Records from a dataset
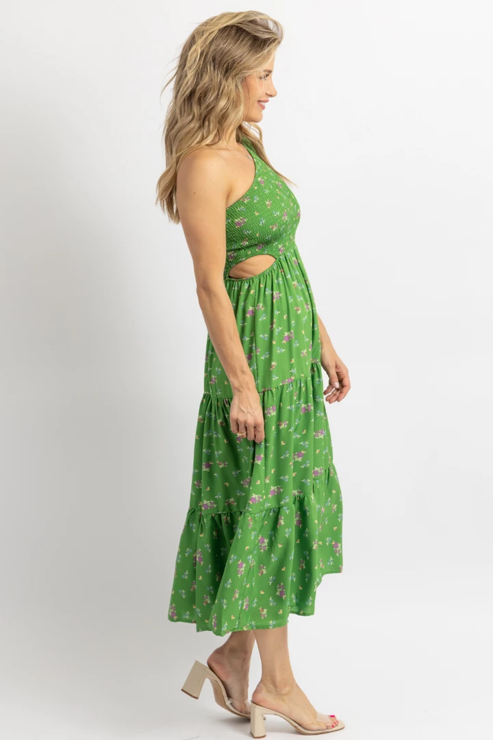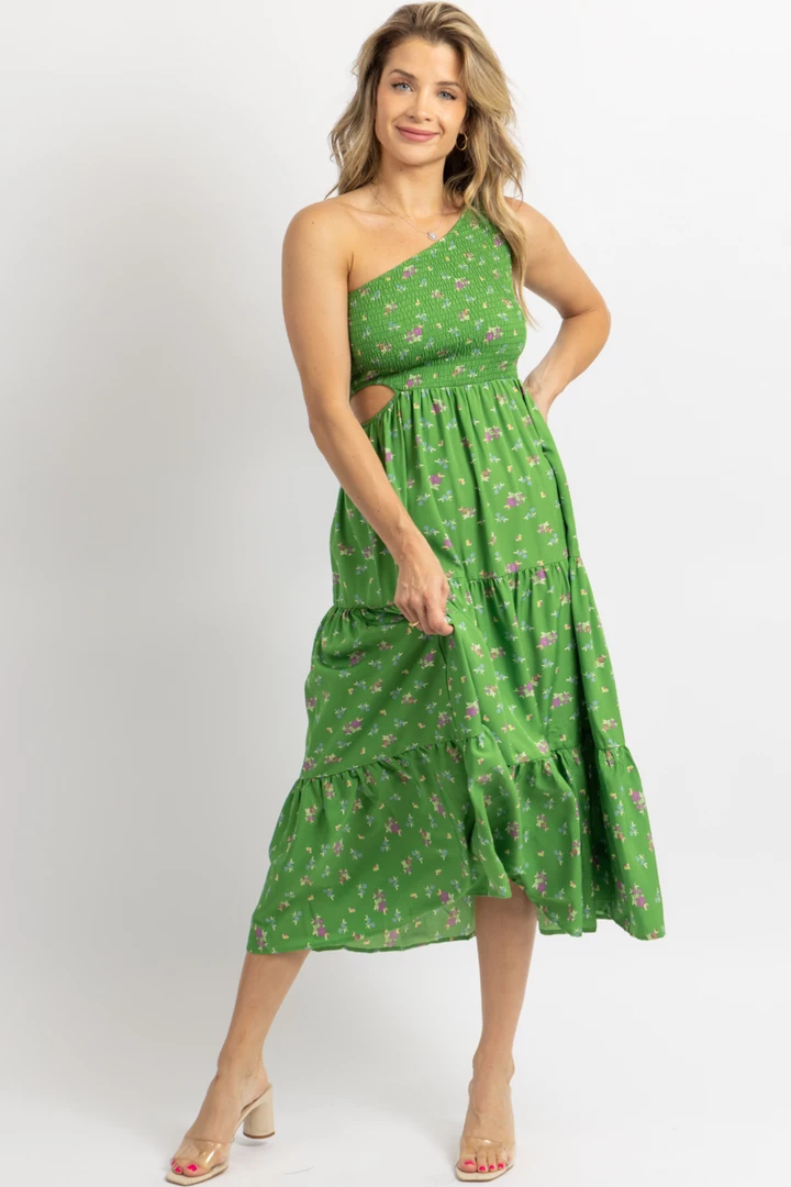 One shoulder, Smocked bodice, Midi length, Floral, Cutout midi, Sleeveless
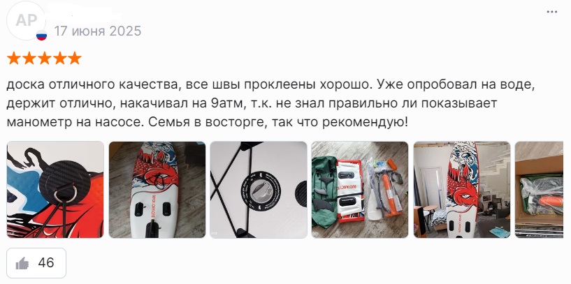 Классная цена на надувную доску от проверенного бренда с быстрой доставкой! Это полный комплект для сапсёрфинга: сама доска, весло, насос, лиш (страховочный поводок на ногу), плавники, нескользящий коврик и даже чехол для смартфона. В карточке товара на выбор несколько расцветок. А в комментариях много фоток и отзывов с обзорами.
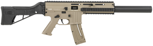 Semi-auto rimfire rifle chambered in .22 LR with a 16.5" barrel and 22+1 round capacity. Features a steel receiver with bronze finish, flip-up front and rear sights, side-folding stock with adjustable cheekrest, manual thumb safety, and faux suppressor. Overall length is 34.5"-36.06", weighing 6.45 lbs.
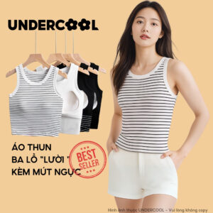 Áo Ba Lỗ Nữ Croptop UNDERCOOL Kèm Mút Đệm Ngực Cố Định, From Ôm, Co Giãn Tốt ,Thoáng Mát, Kiểu Dáng Trẻ Trung ABL39
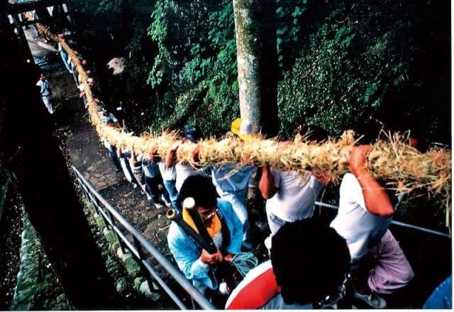 仁科港のすぐ山手にあるスサノオノミコトを祀った神社。毎年7月16日に長さ80m・太さ30cmの大注連縄が奉納される。
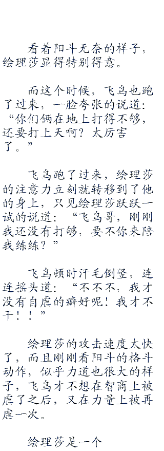 这条大长腿倒是遗传了阳斗的基因,攻得是又快又猛,别看绘理莎是一个女孩子,她腿上的力道可是相当猛的。
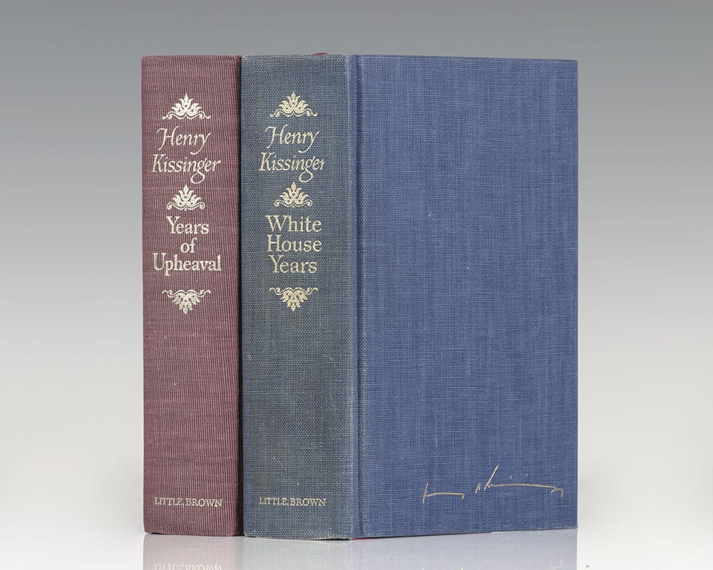 Signed limited editions of both White House Years and Years of Upheaval. Octavo, original cloth, housed in the original slipcases. Both volumes are signed limited editions. White House Years is number 1015 of 3500 signed numbered copies. Years of Upheaval is number 339 of 1500 signed numbered copies. Illustrated with 48 pages of photographs. In near fine condition.
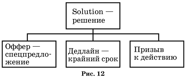 Однако вам необходимо знать, что «Решение» должно представлять собой симбиоз оффера, дедлайна и призыва к действию (рис. 12).
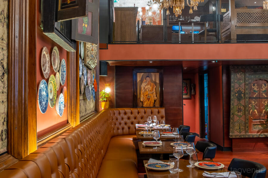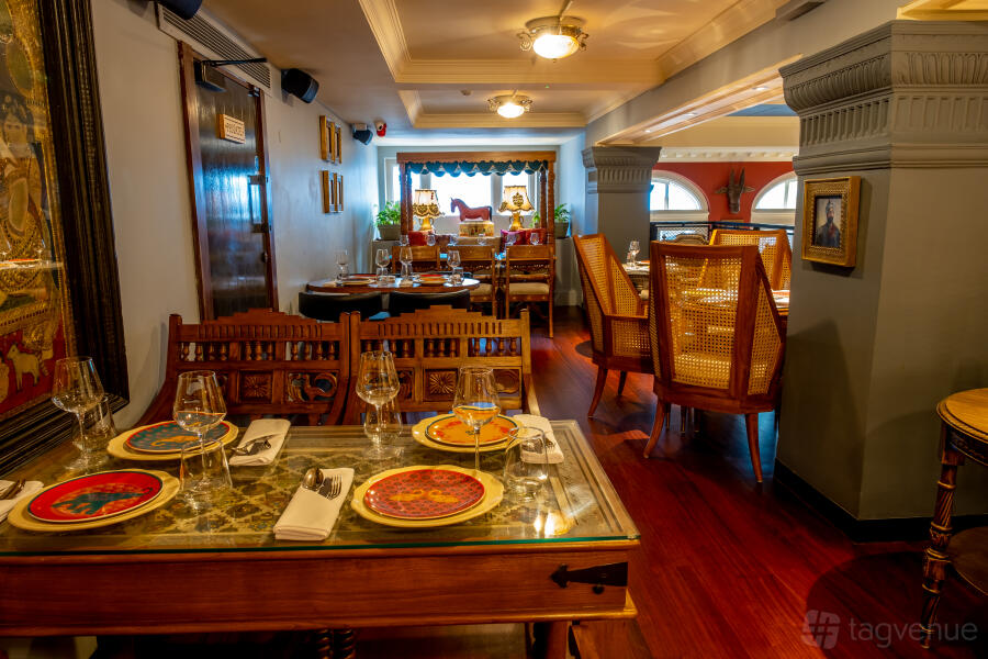 Amidst the historic establishments and buildings of the Holborn locale, one can experience an evening in India. In addition to the restaurant's main space, Colonel Saab offers extraordinary and opulent private dining rooms with decor depicting stories of India from a bygone era. such as Maharaja Bhupinder Singh and his 900 wives.

■ **Required work**: Repeat exactly the lines from the first line of the records above through the line containing "Semi-auto rimfire rifle", leaving out the pictures.

■ **Response**:
 One shoulder, Smocked bodice, Midi length, Floral, Cutout midi, Sleeveless
 Классная цена на надувную доску от проверенного бренда с быстрой доставкой! Это полный комплект для сапсёрфинга: сама доска, весло, насос, лиш (страховочный поводок на ногу), плавники, нескользящий коврик и даже чехол для смартфона. В карточке товара на выбор несколько расцветок. А в комментариях много фоток и отзывов с обзорами.
 Semi-auto rimfire rifle chambered in .22 LR with a 16.5" barrel and 22+1 round capacity. Features a steel receiver with bronze finish, flip-up front and rear sights, side-folding stock with adjustable cheekrest, manual thumb safety, and faux suppressor. Overall length is 34.5"-36.06", weighing 6.45 lbs.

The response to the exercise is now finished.